IEEE Access (Jan 2024)
Orthogonal Adversarial Deep Reinforcement Learning for Discrete- and Continuous-Action Problems
Abstract
Recent advancements in deep neural network (DNN) technology are enhancing the utilities of machine learning and meeting potential demands for real-world applications. Deep reinforcement learning (DRL) is a key component in realizing complex decision-making and control by machine learning. However, training DRL-based policies is challenging due to the high costs and risks associated with interactions with real environments. Frameworks to avoid adversarial vulnerability and to achieve robustness are promising solutions to this problem, as they consider worst-case inputs during the evaluation and training phases.
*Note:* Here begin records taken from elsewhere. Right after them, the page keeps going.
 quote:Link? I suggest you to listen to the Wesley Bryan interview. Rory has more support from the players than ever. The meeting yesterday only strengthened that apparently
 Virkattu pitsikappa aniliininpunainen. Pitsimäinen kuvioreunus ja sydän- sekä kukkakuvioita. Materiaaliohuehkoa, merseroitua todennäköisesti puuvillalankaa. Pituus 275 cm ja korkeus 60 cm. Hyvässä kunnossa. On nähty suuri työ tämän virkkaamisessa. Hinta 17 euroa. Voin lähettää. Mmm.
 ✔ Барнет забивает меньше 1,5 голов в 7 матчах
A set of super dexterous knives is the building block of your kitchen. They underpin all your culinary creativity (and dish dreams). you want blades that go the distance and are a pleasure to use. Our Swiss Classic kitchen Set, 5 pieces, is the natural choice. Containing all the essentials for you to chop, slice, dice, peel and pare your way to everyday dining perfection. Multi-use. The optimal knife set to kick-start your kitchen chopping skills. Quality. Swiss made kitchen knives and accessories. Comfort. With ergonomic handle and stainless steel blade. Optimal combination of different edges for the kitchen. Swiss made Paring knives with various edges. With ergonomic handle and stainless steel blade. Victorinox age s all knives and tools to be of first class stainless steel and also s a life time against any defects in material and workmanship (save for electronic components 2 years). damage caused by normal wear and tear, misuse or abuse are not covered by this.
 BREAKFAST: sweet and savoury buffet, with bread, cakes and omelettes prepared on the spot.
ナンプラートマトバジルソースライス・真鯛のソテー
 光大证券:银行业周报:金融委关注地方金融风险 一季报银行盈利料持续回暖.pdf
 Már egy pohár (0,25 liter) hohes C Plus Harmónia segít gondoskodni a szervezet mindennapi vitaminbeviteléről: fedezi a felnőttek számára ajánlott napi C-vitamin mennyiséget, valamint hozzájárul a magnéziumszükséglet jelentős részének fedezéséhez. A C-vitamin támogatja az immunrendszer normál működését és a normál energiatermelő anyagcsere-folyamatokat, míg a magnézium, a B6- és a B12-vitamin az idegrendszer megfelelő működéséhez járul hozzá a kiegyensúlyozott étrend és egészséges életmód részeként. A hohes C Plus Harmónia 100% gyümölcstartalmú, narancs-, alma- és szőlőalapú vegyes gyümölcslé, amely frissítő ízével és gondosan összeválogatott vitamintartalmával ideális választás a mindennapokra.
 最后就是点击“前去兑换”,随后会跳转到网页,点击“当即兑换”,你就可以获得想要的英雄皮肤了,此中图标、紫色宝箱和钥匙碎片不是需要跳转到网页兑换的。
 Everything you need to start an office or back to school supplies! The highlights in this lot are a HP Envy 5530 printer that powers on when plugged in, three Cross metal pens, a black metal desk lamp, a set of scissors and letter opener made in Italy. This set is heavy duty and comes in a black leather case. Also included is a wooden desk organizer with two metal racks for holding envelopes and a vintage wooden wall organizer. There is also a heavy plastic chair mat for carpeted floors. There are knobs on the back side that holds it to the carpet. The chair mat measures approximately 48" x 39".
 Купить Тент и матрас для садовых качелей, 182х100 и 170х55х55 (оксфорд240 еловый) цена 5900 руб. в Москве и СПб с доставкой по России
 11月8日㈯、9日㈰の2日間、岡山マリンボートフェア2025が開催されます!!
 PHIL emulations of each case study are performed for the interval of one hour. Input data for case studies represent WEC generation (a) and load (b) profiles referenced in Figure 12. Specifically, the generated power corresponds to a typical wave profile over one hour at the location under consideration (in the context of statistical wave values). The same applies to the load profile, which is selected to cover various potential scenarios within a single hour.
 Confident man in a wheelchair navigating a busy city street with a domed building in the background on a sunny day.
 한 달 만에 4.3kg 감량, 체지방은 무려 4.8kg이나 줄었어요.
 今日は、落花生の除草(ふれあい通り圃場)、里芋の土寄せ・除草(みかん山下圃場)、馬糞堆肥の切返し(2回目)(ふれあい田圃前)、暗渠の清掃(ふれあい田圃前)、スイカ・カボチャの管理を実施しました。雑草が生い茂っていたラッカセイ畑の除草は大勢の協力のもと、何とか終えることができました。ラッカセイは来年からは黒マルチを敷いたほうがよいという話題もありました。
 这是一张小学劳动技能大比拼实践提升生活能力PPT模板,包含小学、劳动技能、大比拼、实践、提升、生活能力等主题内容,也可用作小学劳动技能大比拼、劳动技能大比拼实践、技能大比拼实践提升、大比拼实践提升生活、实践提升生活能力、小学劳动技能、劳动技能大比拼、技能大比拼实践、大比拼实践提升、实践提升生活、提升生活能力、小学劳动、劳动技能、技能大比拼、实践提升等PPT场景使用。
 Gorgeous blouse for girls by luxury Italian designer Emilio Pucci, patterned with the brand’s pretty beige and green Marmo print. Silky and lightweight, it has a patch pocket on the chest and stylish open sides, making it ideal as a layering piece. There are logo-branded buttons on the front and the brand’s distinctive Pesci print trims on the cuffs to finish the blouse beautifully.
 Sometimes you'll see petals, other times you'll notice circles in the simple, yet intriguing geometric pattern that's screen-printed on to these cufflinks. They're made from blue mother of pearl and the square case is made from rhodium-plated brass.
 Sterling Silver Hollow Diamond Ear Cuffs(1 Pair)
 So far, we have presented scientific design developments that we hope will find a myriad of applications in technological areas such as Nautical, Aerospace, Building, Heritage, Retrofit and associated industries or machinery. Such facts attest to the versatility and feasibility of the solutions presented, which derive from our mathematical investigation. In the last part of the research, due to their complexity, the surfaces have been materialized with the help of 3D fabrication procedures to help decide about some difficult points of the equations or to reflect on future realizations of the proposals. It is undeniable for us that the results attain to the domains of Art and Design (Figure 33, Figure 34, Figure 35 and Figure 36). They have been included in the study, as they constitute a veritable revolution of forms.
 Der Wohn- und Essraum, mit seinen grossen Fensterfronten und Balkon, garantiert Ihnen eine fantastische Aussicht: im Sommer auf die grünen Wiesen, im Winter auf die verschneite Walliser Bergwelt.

In the field of adversarial DRL, regularization methods are known to be effective in maintaining output consistency even when suffering from adversarial perturbations. However, these methods often introduce an undesired bias that conflicts with the original DRL objective, that is, to maximize accumulated rewards. In this study, we propose a new technique that mitigates the undesirable bias effect by orthogonalizing the regularization term with the DRL objective. This approach allows for the use of relatively large adversarial perturbations during training, resulting in more robust policies without significant computational overhead. We evaluate our technique on benchmarks for both discrete and continuous action domains, including Atari 2600 and PyBullet, by integrating it into popular DRL methods such as deep Q-network (DQN), deep deterministic policy gradient (DDPG), and soft actor-critic (SAC). The results demonstrate that our proposed technique is either superior to or competitive with baseline and state-of-the-art methods across all settings, particularly improving robustness by at least twice scores in DQN and DDPG under the adversarial perturbations.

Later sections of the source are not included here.